Death is sometimes relative
Just like the command prompt (c:\> ) was declared "dead" in 1995, it will be around as long as there are keyboards in one form or another,
CB will be around for as long there are 18wheelers on the road.
Maybe in the USA but not here in Australia where CB is dead. The truckies UHF CB channel is dead no matter where you go. It has been like that for 20 years. In the cities it is dead. No anybody copy, not YL's, no 10-4 good buddies, no eyeballs, no 10-20's, no 10-9's, no breakers, no go-the-breaker, no nothing.
What a most people don't know is it is permissible to encrypt speech on UHF CB; but illegal to do so on ham radio. Let's just say I know someone who ran a private mobile telephone service on UHF CB in country Victoria in the 1990's . Philips FM320's with some added, er, shall we say "enhancements". Coincidentally, there was no mobile phone bill shock.

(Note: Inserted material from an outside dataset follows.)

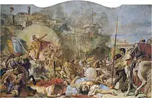 Giandomenico Tiepolo's work, in addition to the vault of the presbytery, also includes the two perimeter walls below, where the painter places two large frescoes centered on fundamental scenes of the cult of the titular saints: the Martyrdom of Saints Faustinus and Jovita and the Intervention of the patron saints in defense of Brescia besieged by Nicolò Piccinino. The former depicts, precisely, the instant when the two saints were martyred, just outside the city walls; the latter depicts the appearance of the two saints on the Roverotto terraces during the 1438 siege, which put the Milanese army led by Niccolò Piccinino to flight.

I think there is a bit of usage of UHF CB in Norwest WA by
some truckies & also by the "Grey Nomads" back & forth between their campervans.

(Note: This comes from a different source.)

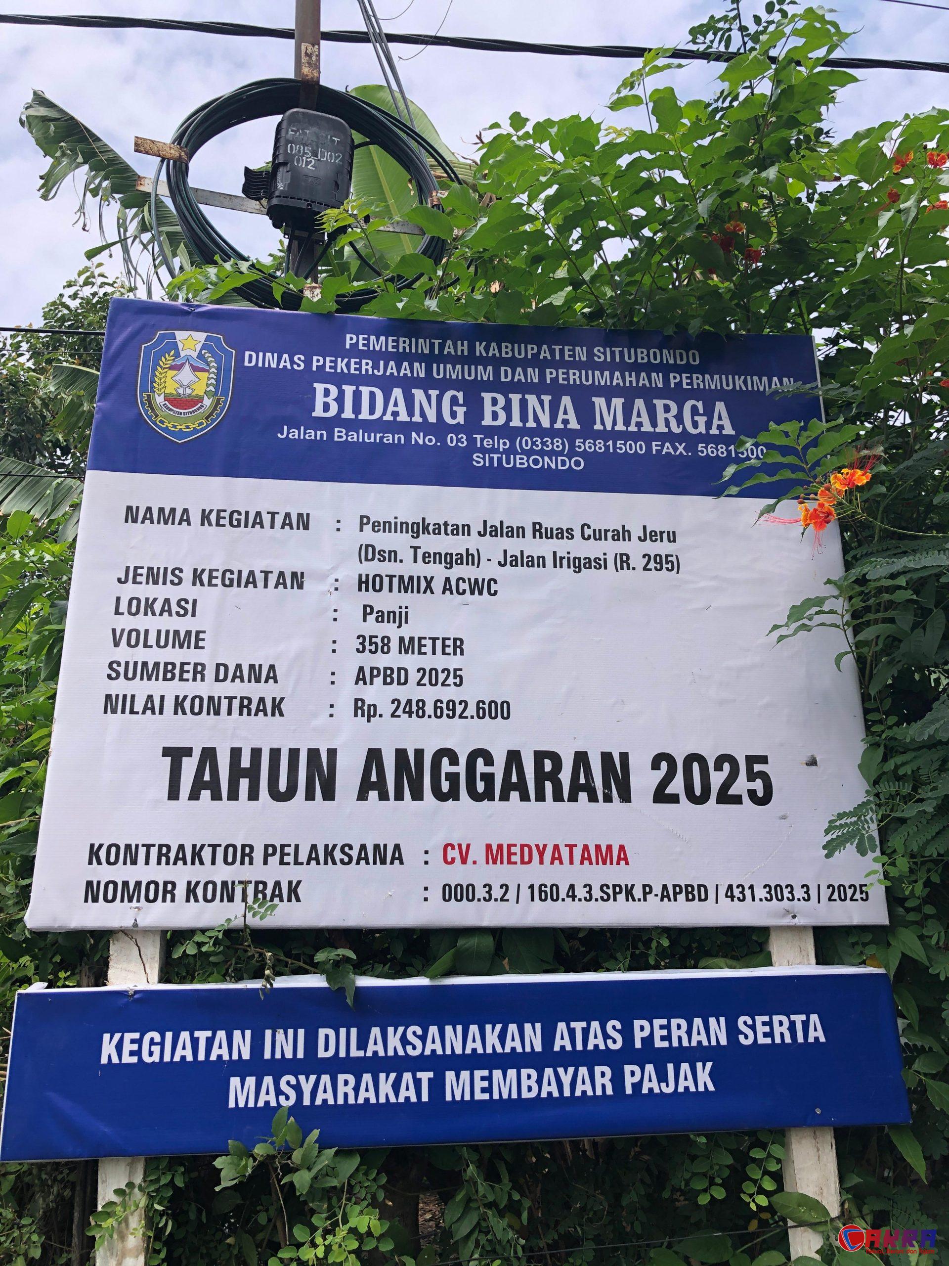 SITUBONDO NEWSCAKRA.COM – Kualitas pekerjaan hotmix pada proyek Peningkatan Jalan ruas Curah Jeru (Dsn. Tengah) – Jalan Irigasi Yang Berlokasi Di Desa Curah Jeru Kecamatan Panji Kabupaten Situbondo Jawa timur menuai kritik keras dari masyarakat. Proyek senilai Rp. 248.692.600 yang didanai oleh APBD Kabupaten Situbondo dan dikerjakan oleh CV. MEDYATAMA ini diduga kuat dikerjakan asal jadi, menimbulkan indikasi kerugian negara hingga puluhan juta rupiah.

Listening to the Perth CB Repeaters,& simplex channels on my handheld scanner,mostly all I hear is a few foul mouthed Yahoos---there would only be a handful of any kind of users.

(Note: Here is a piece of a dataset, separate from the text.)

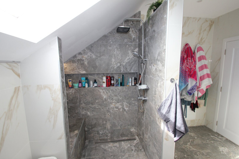 Hier befinden sich 3 Schlafräume, ein Schrankraum und ein geräumiges Badezimmer mit einer großen Dusche, einem Waschtisch, sowie einem weiteren WC.

Interestingly,there seems to be a bit of a Renaissance on 27MHz after dead silence for,as you say,20 years.
Early last year,I spent quite a bit of time playing around on 10metres using an Icom IC575a.
This radio receives down to 26MHz,& whilst poking about,I heard quite a few CBers on Ch 35 LSB & a few other frequencies.
Interestingly,they were mainly in Victoria.
If I could hear them,I had a good chance of hitting VK3RHF 10m FM repeater,which I did quite regularly last Autumn.
There were a few WA CBers on too,which interested me enough to try to unearth the old Electrophone SSB rig,but it looks like I may have chucked it out.